> [Task objective]: Without the pictures, copy all of the data exactly.

> [Material provided]:
○ ○ ○ ○

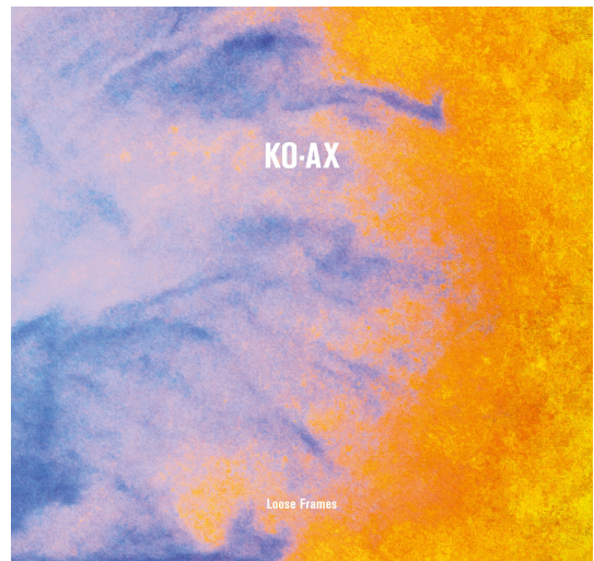
Album „Loose Frames“ (2017, Freifeld Tonträger)
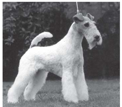
Fra venstre: Int Nord Uch NV94 NordV94 Marstens Boomerang - nr 2 Topp Terrier 1994. Foto i midten: Int Nord Uch NV95 EUV97 NordV98 Marstens Wonky Monkey, Grethe Bergendahls kanskje beste fox noensinne. Foto til høyre: Int Nord Uch NV00 Marstens Busy ble Årets Terrier i 2000, en av de 13 gangene Grethe Bergendahl har vunnet.
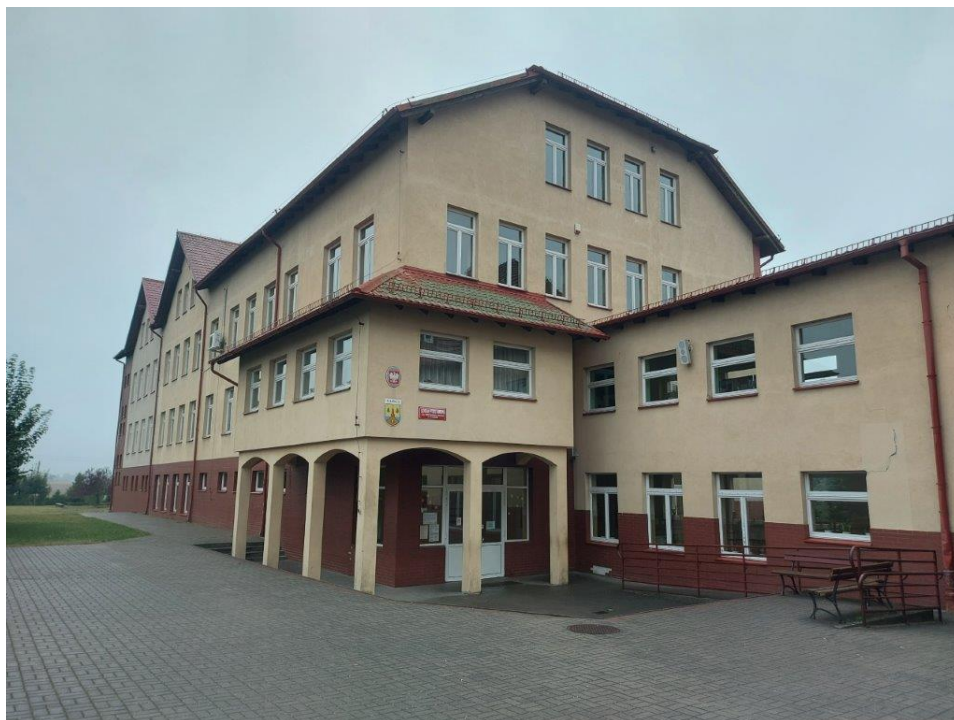
Fot. Obszar opracowania – widok ogólny.
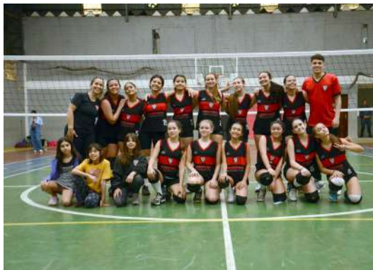
O Pré-Mirim bateu a equipe do Alpha-ville por 3x0.
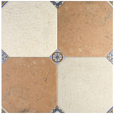
MANISES DECOR MIX 58X58 - 22,8"X22,8"
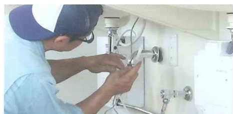
設備メンテナンスチーム

建売、注文住宅での新築工事に伴う、水道工事・設備工事や一般家庭、会社、公共・商業施設等でのリフォーム工事を実務で修行
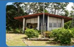
ด่านตรวจศุลกากรเกาะตงเตา
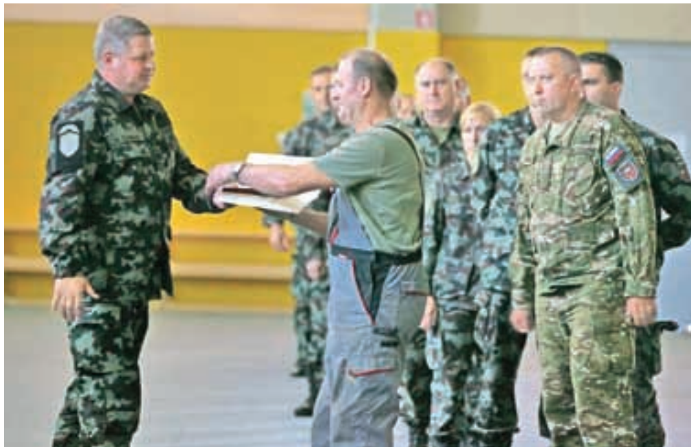
Podelili so tudi bronaste medalje in pohvale pripadnikom Logistične brigade.
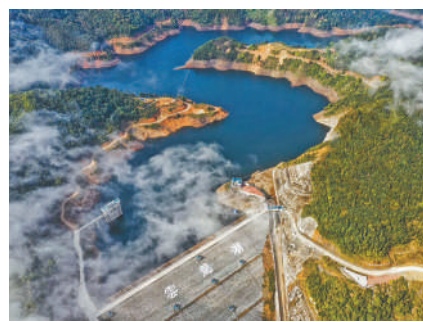
福建泉州市德化县彭村水库工程项目

5969亿元,其中在雄安新区投放46亿元。加大对粤港澳大湾区、海南自由贸易港等国家重点战略支持力度,有效发挥了战略支撑作用。
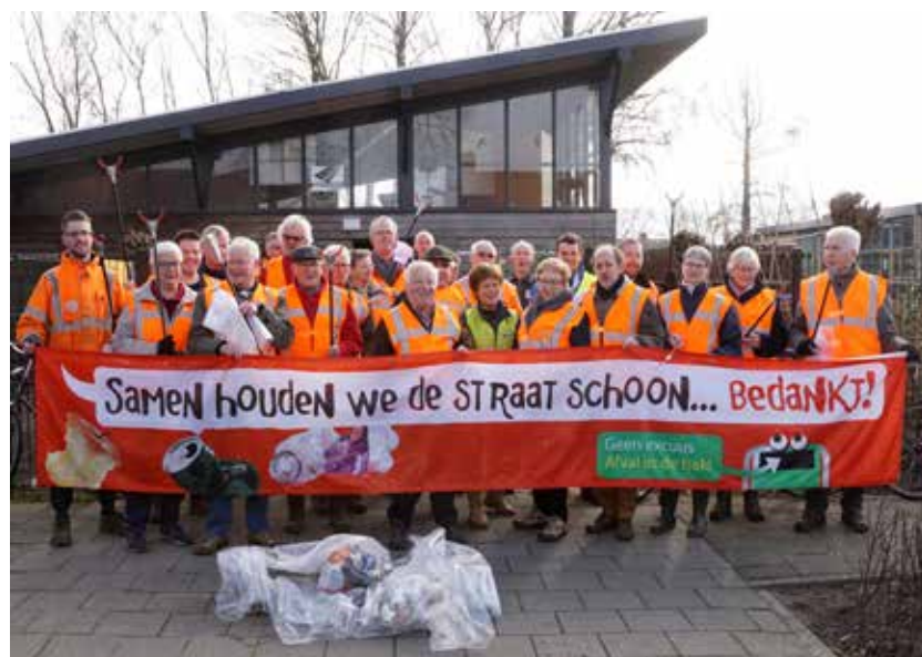
Wij bedanken iedereen die zich heeft ingezet om de leefomgeving schoon te houden!

De gemeente regelde de materialen, zorgde voor een versnapering en voerde het afval dezelfde middag nog af. Een prima samenwerking tussen inwonersgroepen en gemeente.

○ ○ ○ ○

> [Solved exercise]:
Album „Loose Frames“ (2017, Freifeld Tonträger)
Fra venstre: Int Nord Uch NV94 NordV94 Marstens Boomerang - nr 2 Topp Terrier 1994. Foto i midten: Int Nord Uch NV95 EUV97 NordV98 Marstens Wonky Monkey, Grethe Bergendahls kanskje beste fox noensinne. Foto til høyre: Int Nord Uch NV00 Marstens Busy ble Årets Terrier i 2000, en av de 13 gangene Grethe Bergendahl har vunnet.
Fot. Obszar opracowania – widok ogólny.
O Pré-Mirim bateu a equipe do Alpha-ville por 3x0.
MANISES DECOR MIX 58X58 - 22,8"X22,8"
設備メンテナンスチーム

建売、注文住宅での新築工事に伴う、水道工事・設備工事や一般家庭、会社、公共・商業施設等でのリフォーム工事を実務で修行
ด่านตรวจศุลกากรเกาะตงเตา
Podelili so tudi bronaste medalje in pohvale pripadnikom Logistične brigade.
福建泉州市德化县彭村水库工程项目

5969亿元,其中在雄安新区投放46亿元。加大对粤港澳大湾区、海南自由贸易港等国家重点战略支持力度,有效发挥了战略支撑作用。
Wij bedanken iedereen die zich heeft ingezet om de leefomgeving schoon te houden!

De gemeente regelde de materialen, zorgde voor een versnapering en voerde het afval dezelfde middag nog af. Een prima samenwerking tussen inwonersgroepen en gemeente.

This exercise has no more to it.